(Available data)
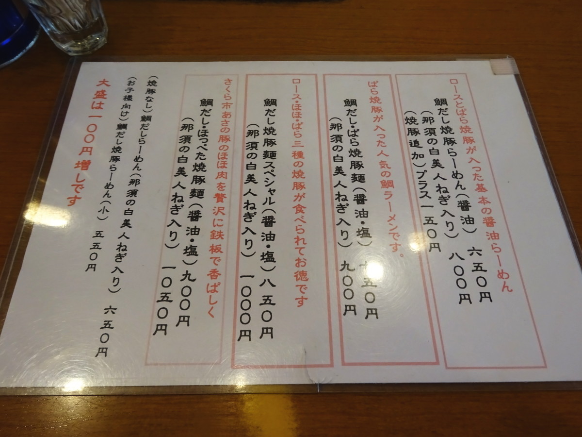 色々ありますが「鯛だし焼豚らーめん」が基本らしいです。
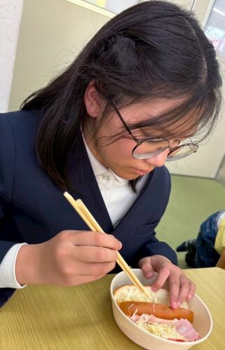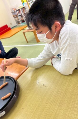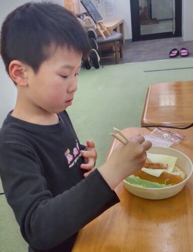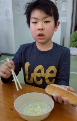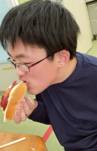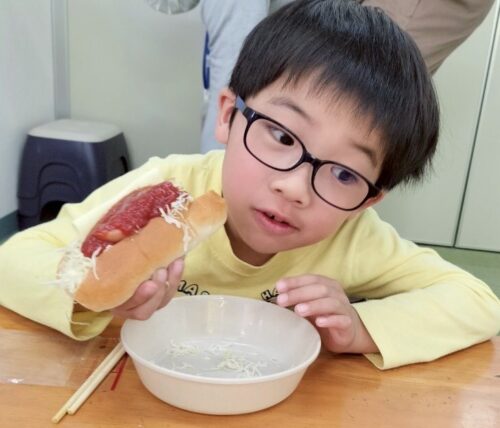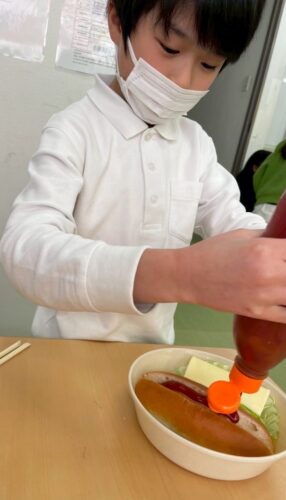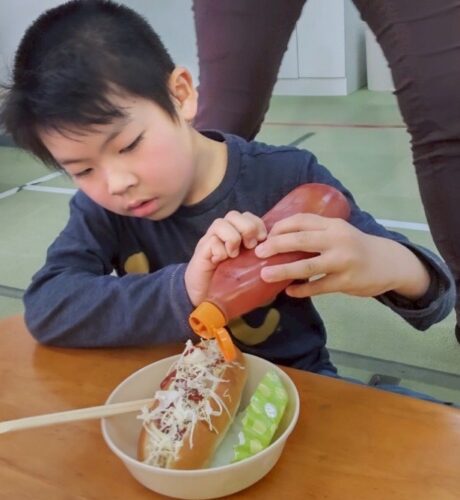 まずはウインナーを焼いて……。焦げないように、おいしそうな焼き加減にします。 キャベツをはさみます。慎重に、丁寧にしていました。 チーズとたっぷりケチャップ🧀🍅 手を合わせていただきます‼︎ 良い笑顔😆みんなおいしそうにもりもり食べました。
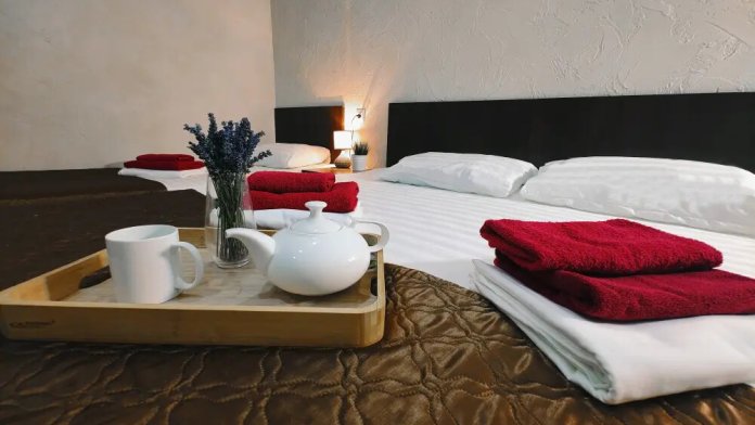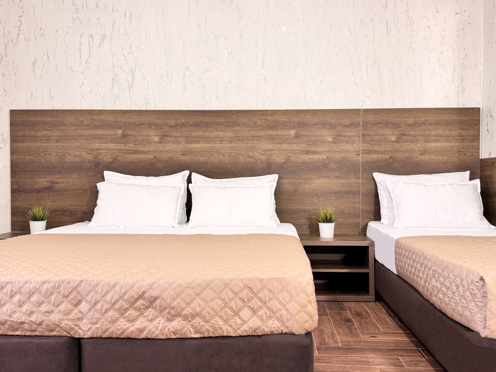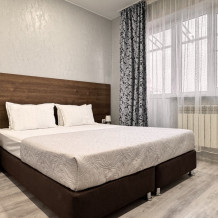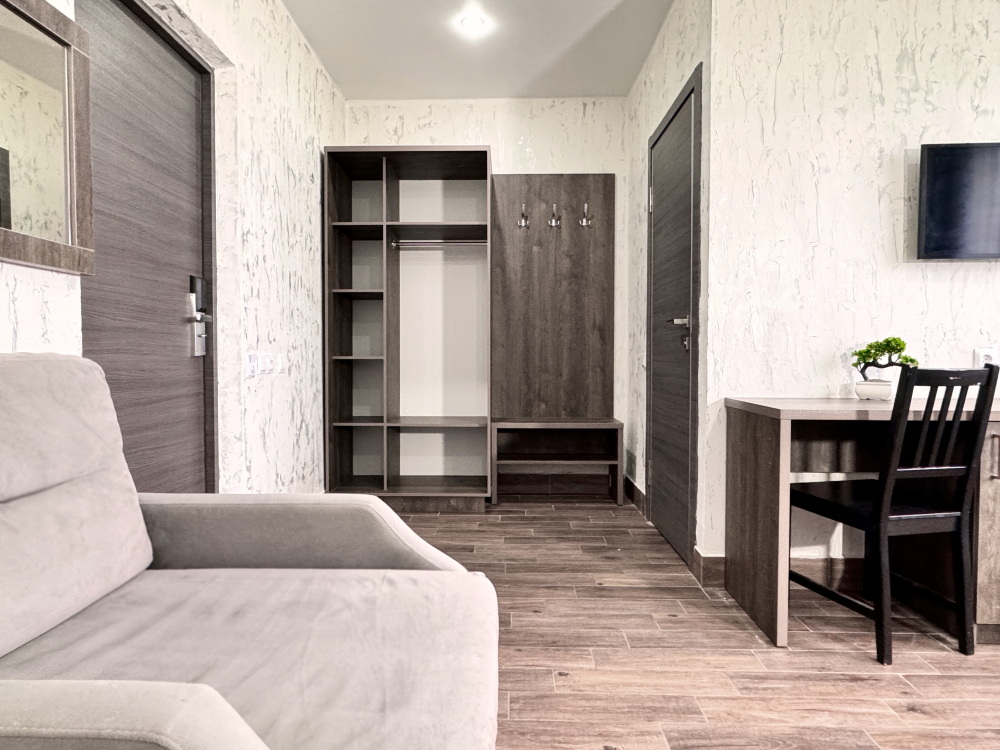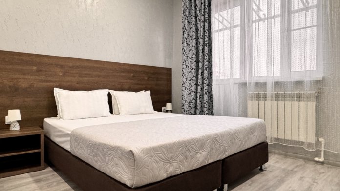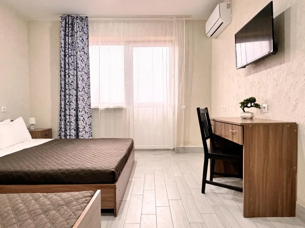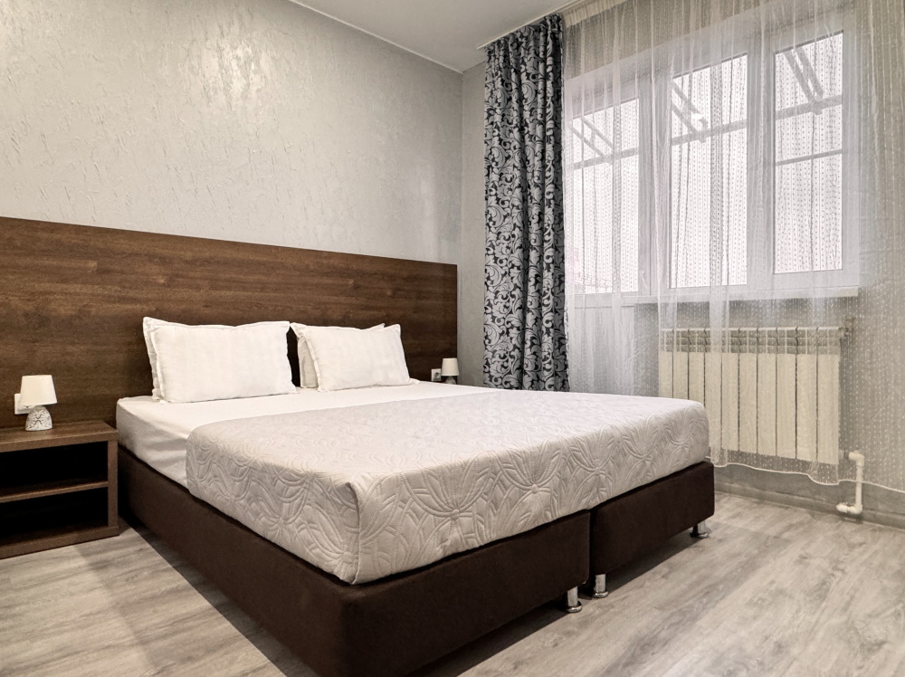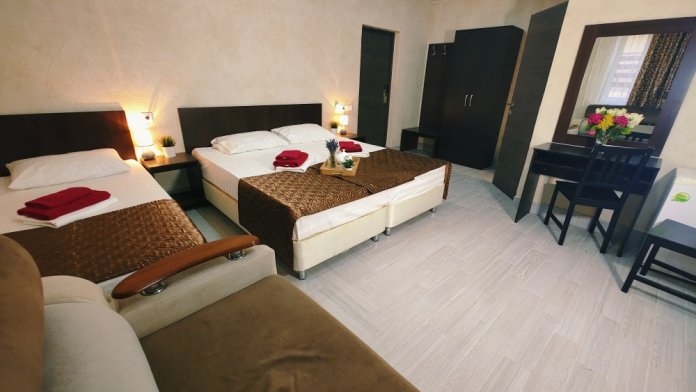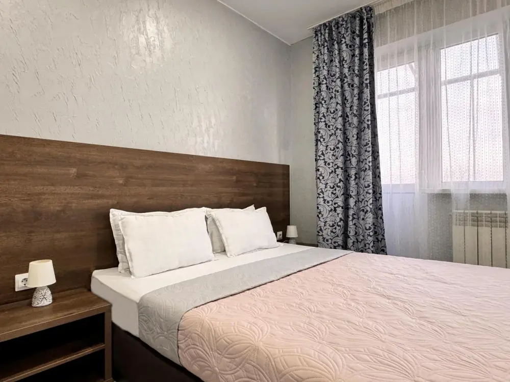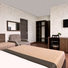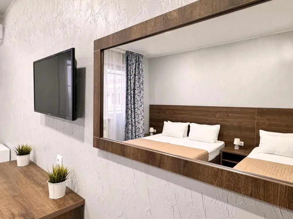 В двухкомнатном номере имеется: две двуспальные кровати и односпальный диван, шкаф для хранения вещей и вся необходимая мебель. Для вашего удобства имеется мини-холодильник, стол, телевизор. Для доступа в интернет предусмотрен Wi-Fi. Просторный балкон станет отличным местом для отдыха на свежем воздухе. В этом номере вы сможете насладиться комфортом и уютом нашего отеля. Собственная ванная комната в номере.
(End Available data)
What this task involves
Leaving the pictures out, output all of the listing exactly.

Solution to the exercise
 色々ありますが「鯛だし焼豚らーめん」が基本らしいです。
 まずはウインナーを焼いて……。焦げないように、おいしそうな焼き加減にします。 キャベツをはさみます。慎重に、丁寧にしていました。 チーズとたっぷりケチャップ🧀🍅 手を合わせていただきます‼︎ 良い笑顔😆みんなおいしそうにもりもり食べました。
 В двухкомнатном номере имеется: две двуспальные кровати и односпальный диван, шкаф для хранения вещей и вся необходимая мебель. Для вашего удобства имеется мини-холодильник, стол, телевизор. Для доступа в интернет предусмотрен Wi-Fi. Просторный балкон станет отличным местом для отдыха на свежем воздухе. В этом номере вы сможете насладиться комфортом и уютом нашего отеля. Собственная ванная комната в номере.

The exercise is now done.